TCP guarantees that the data will arrive in the same order it was sent.

That beeing said, you can just append all the incoming data to a buffer. Then check if your buffer contains one or more packets, and remove them from the buffer, keeping all the remaining data into the buffer for future check.

This, of course, suppose that your packets have some header that indicates the size of the following data.

Lets consider packets have the following structure:

[LEN] X X X...

Where LEN is the size of the data and each X is an byte.

If you receive:

4 X X X
[--1--]

The packet is not complete, you can leave it in the buffer. Then, other data arrives, you just append it to the buffer:

4 X X X X 3 X X X
        [---2---]

You then have 2 complete messages that you can easily parse.

If you do it, don't forget to send any length in a host-independant form (ntohs and ntohl can help).

ereOn
+1  A: 

I would have a function called readBytes or something that takes a buffer and a length parameter and reads until that many bytes have been read. You'll need to capture the number of bytes actually read and if it's less than the number you're expecting, advance your buffer pointer and read the rest. Keep looping until you've read them all.

Then call this function once for the header (containing the length), assuming that the header is a fixed length. Once you have the length of the actual data, call this function again.

Graeme Perrow
+1  A: 

This is often accomplished by prefixing messages with a one or two-byte length value which, like you said, gives the length of the remaining data. If I've understood you correctly, you're sending this as plain text (i.e., '5', '5') and this might get split up. Since you don't know the length of a decimal number, it's somewhat ambiguous. If you absolutely need to go with plain text, perhaps you could encode the length as a 16-bit hex value, i.e.:

00ff <255 bytes data> 000a <10 bytes data>

This way, the length of the size header is fixed to 4 bytes and can be used as a minimum read length when receiving on the socket.


Edit: Perhaps I misunderstood -- if reading the length value isn't a problem, deal with splits by concatenating incoming data to a string, byte buffer, or whatever until its length is equal to the value you read in the beginning.
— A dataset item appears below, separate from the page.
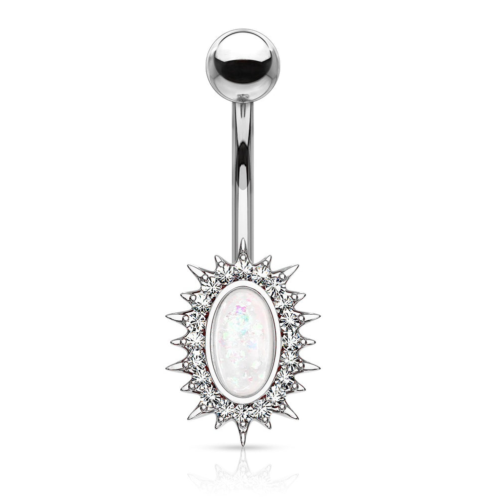 Crystal Paved Sunburst with Opal Glitter Center 316L Surgical Steel Belly Button Navel Ring. Smaller size with a huge amount of sparkle. Classic look and perfect for any occasion! 14 GA. 3/8" barbell. 5mm ball top. White synthetic opal center.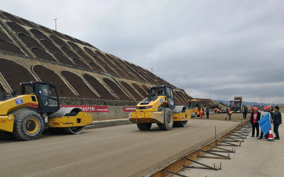 上午9點半,底基層試驗段正式開始施工?,F(xiàn)場攤鋪機、壓路機配合使用,施工人員嚴格按照工藝要求,邊鋪邊測量,邊鋪邊調(diào)整,及時總結(jié)數(shù)據(jù),做到施工標(biāo)準(zhǔn)化、規(guī)范化,路面咨詢單位和中心試驗室全程跟蹤現(xiàn)場檢驗。本次水穩(wěn)底基層試驗段位于K129+100—K129+700段,全長600米,厚度為26厘米。在攤鋪施工過程中,各科室緊密配合,自卸車不間斷輸送混合料,鋼輪、膠輪壓路機組合式碾壓,各工序嚴密銜接,經(jīng)過9個小時不間斷作業(yè),我部于當(dāng)天順利完成該試驗段施工任務(wù),平整度,壓實度等均達到規(guī)定要求,得到了中心試驗室及路面咨詢單位的認可。

TCP will take care of the rest.

Take extra precautions to make sure that you can't get stuck in a blocking read state should the client not send a complete message. For example, say you receive the length header, and start a loop that keeps reading through blocking recv() calls until the buffer is filled. If a malicious client intentionally stops sending data, your server might be locked until the client either disconnects, or starts sending.